### Task to carry out:
Before you return the entries below, strip out the pictures and keep all else exact.

Stored dataset items
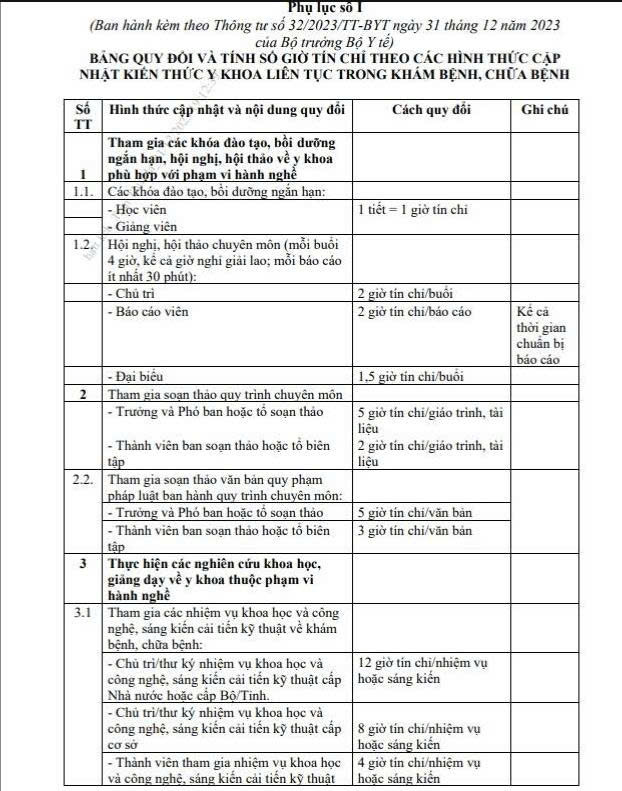 Việc quy đổi các hoạt động cập nhật kiến thức y khoa liên tục sang giờ tín chỉ được thực hiện theo hướng dẫn chi tiết trong Phụ lục số I ban hành kèm theo Thông tư 32/2023/TT-BYT. Các hoạt động đào tạo, bồi dưỡng ngắn hạn, hội nghị, hội thảo và các hình thức khác đều phải tuân theo quy định này để đảm bảo tính thống nhất và chuẩn mực
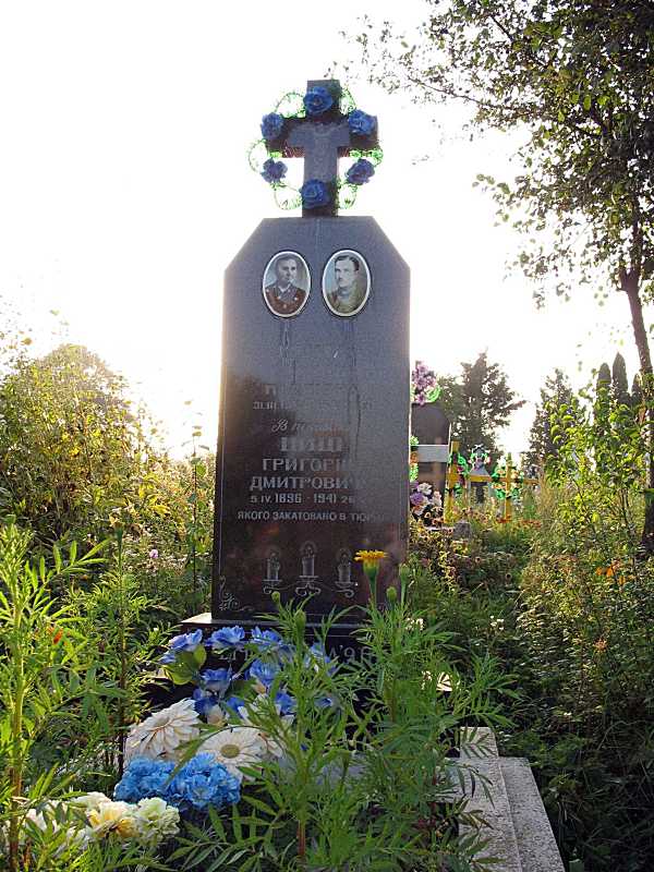 Пам’ятник Г. ЦиціРозмір зображення: 600:800 піксел Фото Зенона Боровця, 7 вересня 2006 р. Верхній напис на читається, нижній: «В пам’ять Цмці Григорію Дмитровичу 5.04.1896 – 26.06 (?) .1941, якого закатовано в тюрмі». |
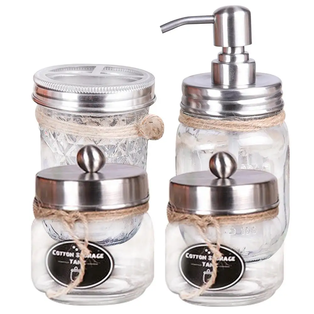 Стеклянный дозатор мыла с широким горлышком, 4 шт.компл.
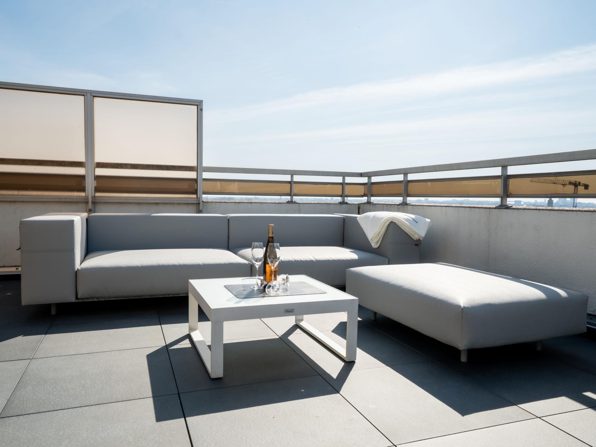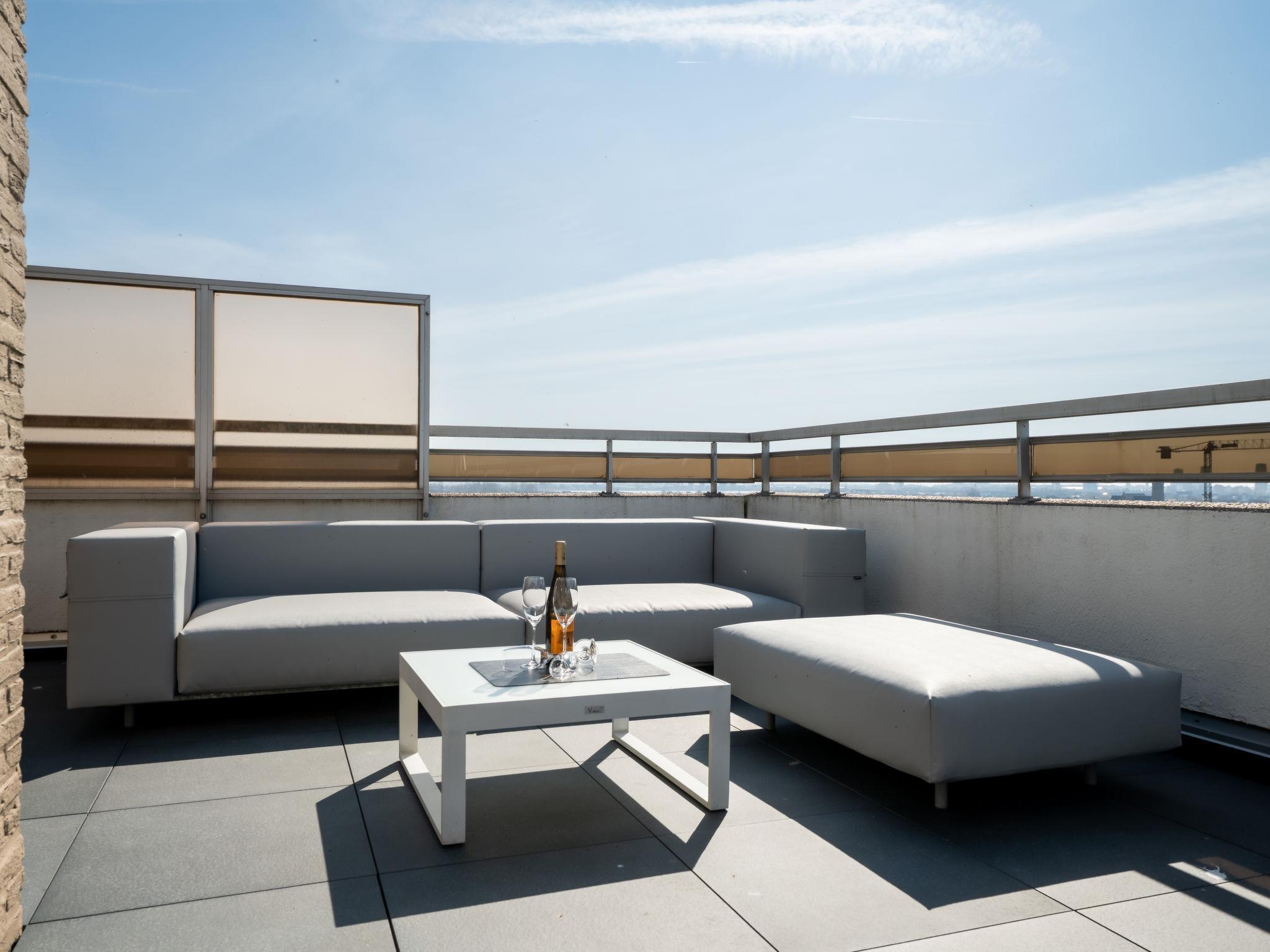 "Seaview 1", 3-room penthouse 115 m2 on 2 levels on 9th floor, south-west facing position. Fully renovated in 2021, comfortable and modern furnishings: entrance hall with gas heating. Living/dining room with dining table, digital TV and international TV channels. 1 double bedroom with 1 double bed (180 cm, length 200 cm). Open kitchen (oven, dishwasher, 4 ceramic glass hob hotplates, toaster, kettle, microwave, electric coffee machine). Shower/WC. Upper floor: 1 double bedroom with 1 double bed (180 cm, length 200 cm), digital TV and international TV channels. Kitchenette (dishwasher, 4 ceramic glass hob hotplates, combination microwave). Shower/WC. 2 small balconies 3 m2, south-west facing position and north-east facing position, large terrace 30 m2, south-west facing position. Terrace furniture. Beautiful view of the sea. Facilities: washing machine, hair dryer. Internet (WiFi, free). Parking space n 76 (1 car). Please note: non-smoking house. Smoke alarm, fire extinguisher. BE8450.610.6
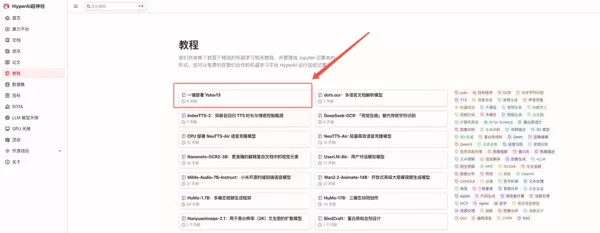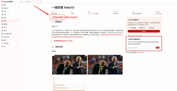 - 访问hyper.ai首页,选择“一键部署YOLOv13”或进入“教程”页面选择相应选项,点击“在线运行此教程”。
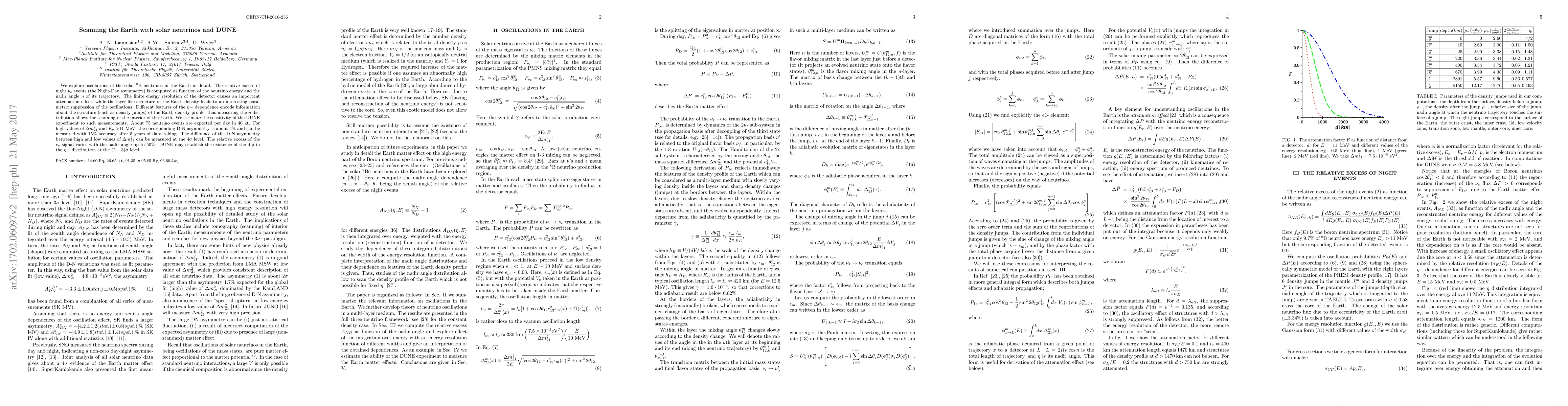 We explore oscillations of the solar $^8$B neutrinos in the Earth in detail. The relative excess of night $\nu_e$ events (the Night-Day asymmetry) is computed as function of the neutrino energy and the nadir angle $\eta$ of its trajectory. The finite energy resolution of the detector causes an important attenuation effect, while the layer-like structure of the Earth density leads to an interesting parametric suppression of the oscillations. Different features of the $\eta-$ dependence encode information about the structure (such as density jumps) of the Earth density profile; thus measuring the $\eta$ distribution allows the scanning of the interior of the Earth. We estimate the sensitivity of the DUNE experiment to such measurements. About 75 neutrino events are expected per day in 40 kt. For high values of $\Delta m^2_{21}$ and $E_\nu > $11 MeV, the corresponding D-N asymmetry is about 4\% and can be measured with $15\%$ accuracy after 5 years of data taking. The difference of the D-N asymmetry between high and low values of $\Delta m^2_{21}$ can be measured at the $4\sigma$ level. The relative excess of the $\nu_e$ signal varies with the nadir angle up to 50\%. DUNE may establish the existence of the dip in the $\eta-$ distribution at the $(2 - 3) \sigma$ level.

### Completed task:
 Việc quy đổi các hoạt động cập nhật kiến thức y khoa liên tục sang giờ tín chỉ được thực hiện theo hướng dẫn chi tiết trong Phụ lục số I ban hành kèm theo Thông tư 32/2023/TT-BYT. Các hoạt động đào tạo, bồi dưỡng ngắn hạn, hội nghị, hội thảo và các hình thức khác đều phải tuân theo quy định này để đảm bảo tính thống nhất và chuẩn mực
 Пам’ятник Г. ЦиціРозмір зображення: 600:800 піксел Фото Зенона Боровця, 7 вересня 2006 р. Верхній напис на читається, нижній: «В пам’ять Цмці Григорію Дмитровичу 5.04.1896 – 26.06 (?) .1941, якого закатовано в тюрмі». |
 Стеклянный дозатор мыла с широким горлышком, 4 шт.компл.
 "Seaview 1", 3-room penthouse 115 m2 on 2 levels on 9th floor, south-west facing position. Fully renovated in 2021, comfortable and modern furnishings: entrance hall with gas heating. Living/dining room with dining table, digital TV and international TV channels. 1 double bedroom with 1 double bed (180 cm, length 200 cm). Open kitchen (oven, dishwasher, 4 ceramic glass hob hotplates, toaster, kettle, microwave, electric coffee machine). Shower/WC. Upper floor: 1 double bedroom with 1 double bed (180 cm, length 200 cm), digital TV and international TV channels. Kitchenette (dishwasher, 4 ceramic glass hob hotplates, combination microwave). Shower/WC. 2 small balconies 3 m2, south-west facing position and north-east facing position, large terrace 30 m2, south-west facing position. Terrace furniture. Beautiful view of the sea. Facilities: washing machine, hair dryer. Internet (WiFi, free). Parking space n 76 (1 car). Please note: non-smoking house. Smoke alarm, fire extinguisher. BE8450.610.6
 - 访问hyper.ai首页,选择“一键部署YOLOv13”或进入“教程”页面选择相应选项,点击“在线运行此教程”。
 We explore oscillations of the solar $^8$B neutrinos in the Earth in detail. The relative excess of night $\nu_e$ events (the Night-Day asymmetry) is computed as function of the neutrino energy and the nadir angle $\eta$ of its trajectory. The finite energy resolution of the detector causes an important attenuation effect, while the layer-like structure of the Earth density leads to an interesting parametric suppression of the oscillations. Different features of the $\eta-$ dependence encode information about the structure (such as density jumps) of the Earth density profile; thus measuring the $\eta$ distribution allows the scanning of the interior of the Earth. We estimate the sensitivity of the DUNE experiment to such measurements. About 75 neutrino events are expected per day in 40 kt. For high values of $\Delta m^2_{21}$ and $E_\nu > $11 MeV, the corresponding D-N asymmetry is about 4\% and can be measured with $15\%$ accuracy after 5 years of data taking. The difference of the D-N asymmetry between high and low values of $\Delta m^2_{21}$ can be measured at the $4\sigma$ level. The relative excess of the $\nu_e$ signal varies with the nadir angle up to 50\%. DUNE may establish the existence of the dip in the $\eta-$ distribution at the $(2 - 3) \sigma$ level.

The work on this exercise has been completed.